The lines from the start of the data up to and including the one with "Tento nastavitelný nástěnný" should be returned exactly, and nothing else.

*** Records for this task Section Begins ***

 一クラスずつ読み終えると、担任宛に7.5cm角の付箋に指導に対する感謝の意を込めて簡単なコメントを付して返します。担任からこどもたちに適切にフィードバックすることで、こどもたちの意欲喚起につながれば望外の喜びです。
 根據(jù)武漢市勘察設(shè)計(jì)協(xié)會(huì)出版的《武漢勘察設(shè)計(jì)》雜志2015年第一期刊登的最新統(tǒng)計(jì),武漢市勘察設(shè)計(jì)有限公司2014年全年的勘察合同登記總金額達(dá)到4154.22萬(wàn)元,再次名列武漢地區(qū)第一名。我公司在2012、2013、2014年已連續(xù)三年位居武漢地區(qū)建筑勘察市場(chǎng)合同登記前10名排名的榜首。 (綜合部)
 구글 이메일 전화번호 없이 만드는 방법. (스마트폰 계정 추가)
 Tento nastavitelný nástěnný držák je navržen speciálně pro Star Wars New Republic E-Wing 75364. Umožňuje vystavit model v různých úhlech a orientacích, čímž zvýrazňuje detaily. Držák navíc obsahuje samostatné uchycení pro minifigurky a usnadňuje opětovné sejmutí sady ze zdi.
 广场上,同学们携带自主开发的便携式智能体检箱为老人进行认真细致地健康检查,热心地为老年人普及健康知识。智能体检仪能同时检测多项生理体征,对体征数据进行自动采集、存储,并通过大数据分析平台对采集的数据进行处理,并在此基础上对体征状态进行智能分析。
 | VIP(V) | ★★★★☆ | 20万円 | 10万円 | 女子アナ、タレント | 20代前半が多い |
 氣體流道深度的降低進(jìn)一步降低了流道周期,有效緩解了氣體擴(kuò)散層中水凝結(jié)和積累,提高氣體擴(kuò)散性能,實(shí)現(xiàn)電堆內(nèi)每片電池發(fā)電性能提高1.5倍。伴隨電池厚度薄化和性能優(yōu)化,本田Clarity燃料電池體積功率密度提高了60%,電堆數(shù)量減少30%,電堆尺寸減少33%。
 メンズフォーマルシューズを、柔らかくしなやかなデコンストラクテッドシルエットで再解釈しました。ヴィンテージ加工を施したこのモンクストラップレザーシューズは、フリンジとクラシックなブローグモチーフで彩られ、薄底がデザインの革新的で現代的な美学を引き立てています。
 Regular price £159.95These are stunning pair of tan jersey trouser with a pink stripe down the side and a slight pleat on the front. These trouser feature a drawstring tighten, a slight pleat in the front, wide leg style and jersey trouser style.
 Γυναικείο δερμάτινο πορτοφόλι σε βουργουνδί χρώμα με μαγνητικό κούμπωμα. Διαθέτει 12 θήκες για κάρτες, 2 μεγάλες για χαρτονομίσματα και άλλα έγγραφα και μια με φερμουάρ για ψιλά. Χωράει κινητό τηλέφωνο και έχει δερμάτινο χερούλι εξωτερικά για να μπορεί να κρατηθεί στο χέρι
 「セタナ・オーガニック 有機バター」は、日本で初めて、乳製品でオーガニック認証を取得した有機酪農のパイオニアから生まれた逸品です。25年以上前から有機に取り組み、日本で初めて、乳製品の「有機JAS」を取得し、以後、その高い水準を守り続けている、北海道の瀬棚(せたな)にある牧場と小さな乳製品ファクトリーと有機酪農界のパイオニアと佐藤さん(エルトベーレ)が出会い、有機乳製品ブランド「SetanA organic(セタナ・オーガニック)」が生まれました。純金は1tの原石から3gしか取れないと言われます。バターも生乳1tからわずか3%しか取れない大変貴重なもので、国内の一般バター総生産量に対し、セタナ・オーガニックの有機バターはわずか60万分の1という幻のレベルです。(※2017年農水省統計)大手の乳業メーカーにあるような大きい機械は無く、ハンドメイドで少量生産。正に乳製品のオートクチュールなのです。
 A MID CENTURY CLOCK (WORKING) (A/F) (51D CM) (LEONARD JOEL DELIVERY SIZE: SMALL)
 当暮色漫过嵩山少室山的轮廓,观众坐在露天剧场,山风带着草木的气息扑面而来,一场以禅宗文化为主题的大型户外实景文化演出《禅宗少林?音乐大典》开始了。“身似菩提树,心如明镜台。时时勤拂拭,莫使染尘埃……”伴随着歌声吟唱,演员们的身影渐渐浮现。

*** Records for this task Section Ends ***

(Answer box):
 一クラスずつ読み終えると、担任宛に7.5cm角の付箋に指導に対する感謝の意を込めて簡単なコメントを付して返します。担任からこどもたちに適切にフィードバックすることで、こどもたちの意欲喚起につながれば望外の喜びです。
 根據(jù)武漢市勘察設(shè)計(jì)協(xié)會(huì)出版的《武漢勘察設(shè)計(jì)》雜志2015年第一期刊登的最新統(tǒng)計(jì),武漢市勘察設(shè)計(jì)有限公司2014年全年的勘察合同登記總金額達(dá)到4154.22萬(wàn)元,再次名列武漢地區(qū)第一名。我公司在2012、2013、2014年已連續(xù)三年位居武漢地區(qū)建筑勘察市場(chǎng)合同登記前10名排名的榜首。 (綜合部)
 구글 이메일 전화번호 없이 만드는 방법. (스마트폰 계정 추가)
 Tento nastavitelný nástěnný držák je navržen speciálně pro Star Wars New Republic E-Wing 75364. Umožňuje vystavit model v různých úhlech a orientacích, čímž zvýrazňuje detaily. Držák navíc obsahuje samostatné uchycení pro minifigurky a usnadňuje opětovné sejmutí sady ze zdi.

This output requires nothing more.